Shuffle Argument. In a (pairing-based) shuffle argument [25], the prover aims to convince the verifier that, given system parameters \(\mathsf {gk}\) output by \(\mathsf {BG}\), a public key \(\mathsf {pk}\), and two tuples of ciphertexts \( \varvec{\mathfrak {M}}\) and \(\varvec{\mathfrak {M}}'\), the second tuple is a permutation of rerandomized versions of the first. More precisely, we will construct a shuffle argument that is sound with respect to the following relation:

$$\begin{aligned} \mathcal {R}_{sh} = \left\{ \begin{aligned}&\left( (\mathsf {gk}, \mathsf {pk}, \varvec{\mathfrak {M}}, \varvec{\mathfrak {M}}'\right) , (\sigma , \varvec{r})\big ): \sigma \in S_n \wedge \\ {}&\varvec{r} \in \mathbb {Z}_q^n \wedge \left( \forall i: \mathfrak {M}'_i = \mathfrak {M}_{\sigma (i)} + \mathsf {Enc}_{\mathsf {pk}} (\mathfrak {0}; r_i)\right) \end{aligned} \right\} . \end{aligned}$$

A number of pairing-based shuffle arguments have been proposed in the literature, [14, 15, 20, 25, 34].

3 New Shuffle Argument

Intuitively, in the new shuffle argument the prover first commits to the permutation \(\sigma \) (or more precisely, to the corresponding permutation matrix), then executes three subarguments (the same-message, the permutation matrix, and the consistency arguments). Each of the subarguments corresponds to one check performed by the verifier (see Protocol 2). However, since all subarguments use the same CRS, they are not independent. For example, the permutation matrix argument uses the \(((P_i (X))_{i\,=\,1}^n, X_\varrho )\)-commitment scheme and the consistency argument uses the \(((\hat{P}_i (X))_{i\,=\,1}^n, X_{\hat{\varrho }})\)-commitment scheme for different polynomials \((\hat{P}_i (X))_{i = 1}^n\). (See Eqs. (3) and (5) for the actual definition of \(P_i (X)\) and \(\hat{P}_i (X)\)). Both commitment schemes share a part of their trapdoor (\(\chi \)), while the second part of the trapdoor is different (either \(\varrho \) or \(\hat{\varrho }\)). Moreover, the knowledge-soundness of the same-message argument is a prerequisite for the knowledge-soundness of the permutation matrix argument. The verifier recovers explicitly the commitment to the last row of the permutation matrix (this guarantees that the committed matrix is left stochastic), then verifies the three subarguments.

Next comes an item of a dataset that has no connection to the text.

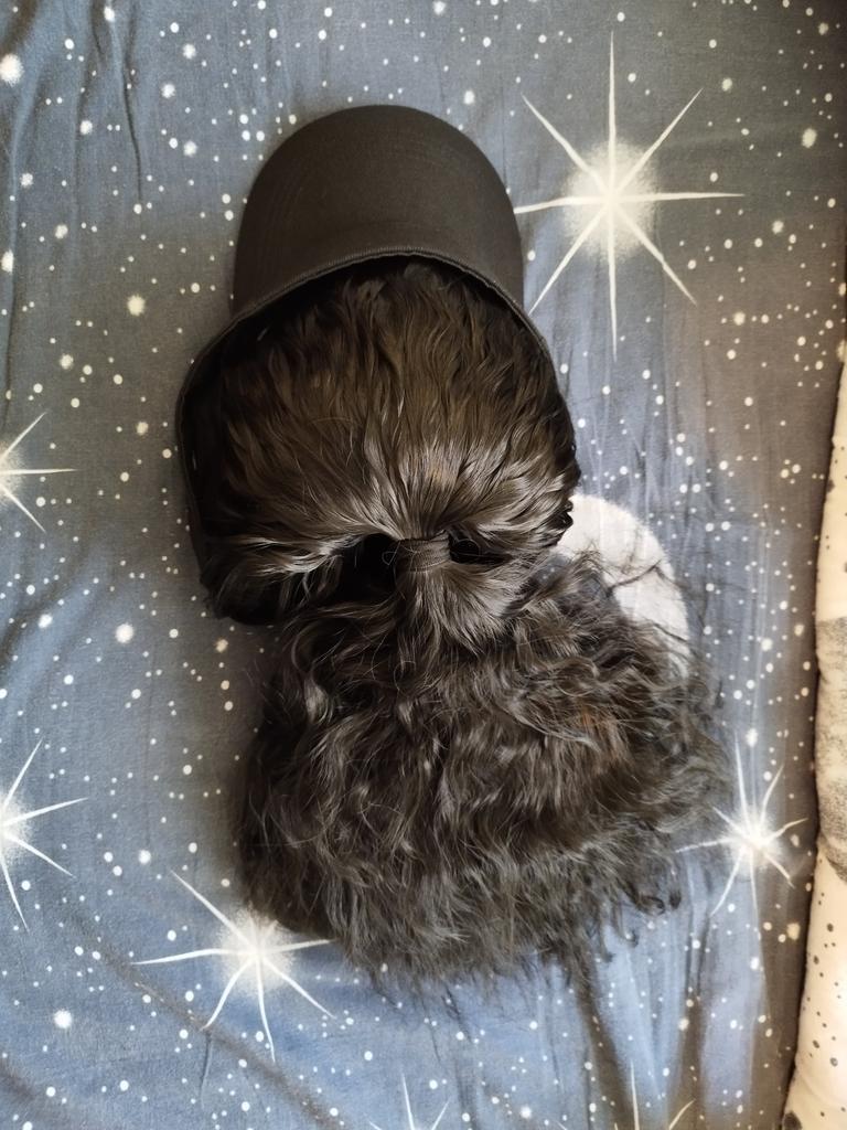 Посылка шла месяц.все целое и парик и сеточка, только я не знаю как правильно закреплять его,мне кажется что не мой размер,мне в нём не комфортно. Волос как натуральный.

The full description of the new shuffle argument is given in Protocol 1 (the CRS generation and the prover) and in Protocol 2 (the verifier). The CRS has entries that allow to efficiently evaluate all subarguments, and hence also both commitment schemes. The CRS in Protocol 1 includes three substrings, \(\mathsf {crs}_{sm}\), \(\mathsf {crs}_{pm}\), and \(\mathsf {crs}_{con}\), that are used in the three subarguments. To prove and verify (say) the first subargument (the same-message argument), one needs access to \(\mathsf {crs}_{sm}\). However, the adversary of the same-message argument will get access to the full CRS. For the sake of exposition, the verifier’s description in Protocol 2 does not include batching. In Sect. 6, we will explain how to speed up the verifier considerably by using batching techniques.

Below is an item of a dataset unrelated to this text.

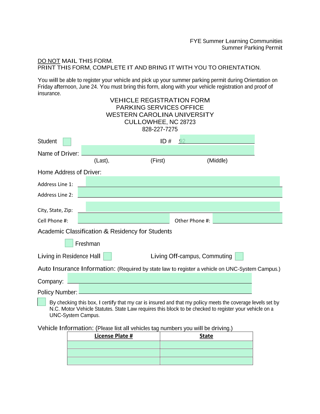 A vehicle registration form for students participating in summer learning communities to obtain a parking permit at Western Carolina University.

We will next briefly describe the subarguments. In Sect. 4, we will give more detailed descriptions of each subargument, and in Sect. 5, we will prove the security of the shuffle argument.

Same-Message Argument. Consider the subargument of the new shuffle argument where the verifier only computes \(\mathfrak {a}_{n}\) and then performs the check on Step 4 of Protocol 2 for one concrete i. We will call it the same-message argument [14]. In Sect. 4.1 we motivate this name, by showing that if the same-message argument accepts, then the prover knows a message \(\varvec{a}\) and a randomizer r, such that \(\mathfrak {a}_i = [\sum a_i P_i (\chi ) + r \varrho ]_{1}\) and \(\hat{\mathfrak {a}}_i = [\sum a_i \hat{P}_i (\chi ) + r \hat{\varrho }]_{1}\) both commit to \(\varvec{a}\) with randomizer r, by using respectively the \(((P_i (X))_{i\,=\, 1}^n, X_\varrho )\)-commitment scheme and the \(((\hat{P}_i (X))_{i\,=\,1}^n, X_{\hat{\varrho }})\)-commitment scheme.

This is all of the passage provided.